The recently released list of speakers at next week’s convention shows just how scared Democrats are to make a serious policy argument.

Elie Mystal

August 13, 2020

Democratic presidential candidate Joe Biden speaks during a campaign event at the William “Hicks” Anderson Community Center in Wilmington, Del., on July 28, 2020. (Andrew Caballero-Reynolds / AFP via Getty Images)

Now that Joe Biden has announced that he’s tapped Senator Kamala Harris as his running mate, we know the full lineup of speakers for the Democratic National Convention next week. From where I sit, the choice of Harris was inspired. It’s the rest of the convention that leaves much to be desired.

To the extent that a convention speaker list is a way for a party to highlight its priorities, the Democratic National Committee list, which was released Tuesday, shows that the Democratic Party’s priorities include shamelessly begging for the approval of moderate-Republican white men, knowing full well that nobody can hear progressives boo while locked on the other side of a Zoom presentation.

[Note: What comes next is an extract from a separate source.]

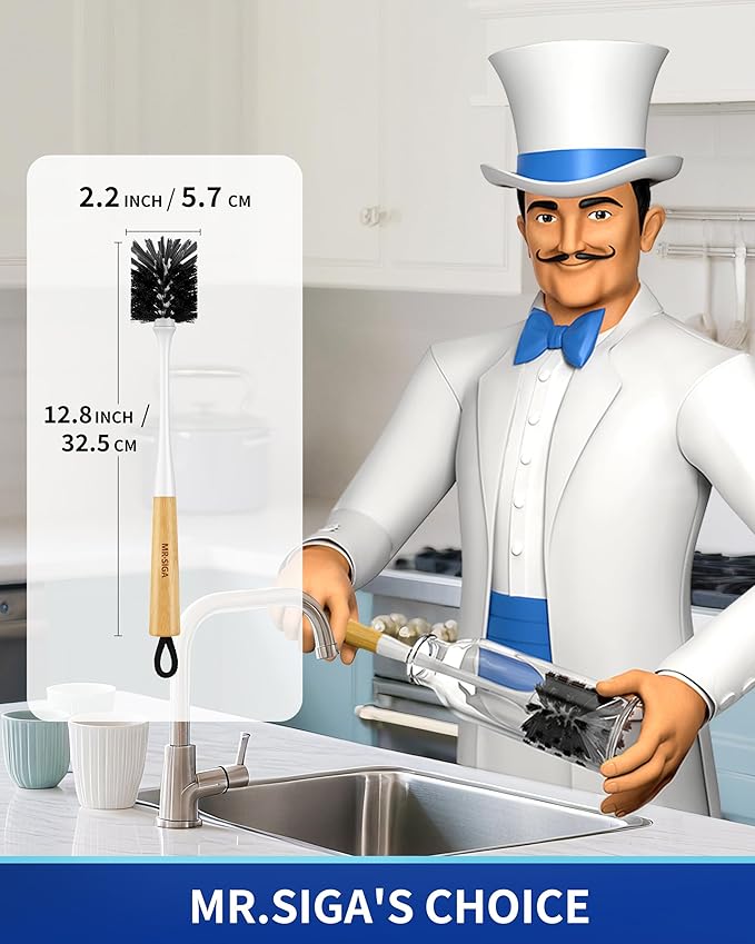 - Dual Function Bristles for Superior Cleaning: MR.SIGA bottle brush features two specialized bristle types for maximum cleaning efficiency. The firm gray bristles at the top power through tough stains and grime in hard to reach areas, while the gentle black bristles clean the inner walls effectively

The DNC announced 34 speakers who will address the country over four nights in the lead-up to the formal nomination of Biden and Harris. On the surface, the convention contains something for everybody. Bernie Sanders leads off the speeches on Monday, and Republican John Kasich also speaks that same night. I can imagine a bunch of people at Democratic Party headquarters slapping themselves on the back about their “big tent” coup of having Sanders and Kasich speak on the same night. I can imagine the Political Optics 101 class that led them to give Atlanta Mayor Keisha Lance Bottoms a spot right ahead of former South Bend mayor Pete Buttigieg on Thursday night. I can imagine the rejected tagline for this convention: “Democrats! We Don’t Really Know What We Stand For!”

When you look at the speakers list, you’ll see that the Democrats largely got the optics right. This is a list that looks like the United States: It’s multiracial, features more women than men, and highlights the diversity of the party. But when you delve deeper, when you peer beyond the optics, what you’ll see is a party that is afraid to make an argument based on policy. It doesn’t want to fight Republicans in the trenches over the decades-long evisceration of the social safety net or the Republicans’ unwashed bigotry toward people of color and the LGBTQ community. It just wants to offer character paeans to Joe Biden and hope the country’s general disgust with Donald Trump will do the rest.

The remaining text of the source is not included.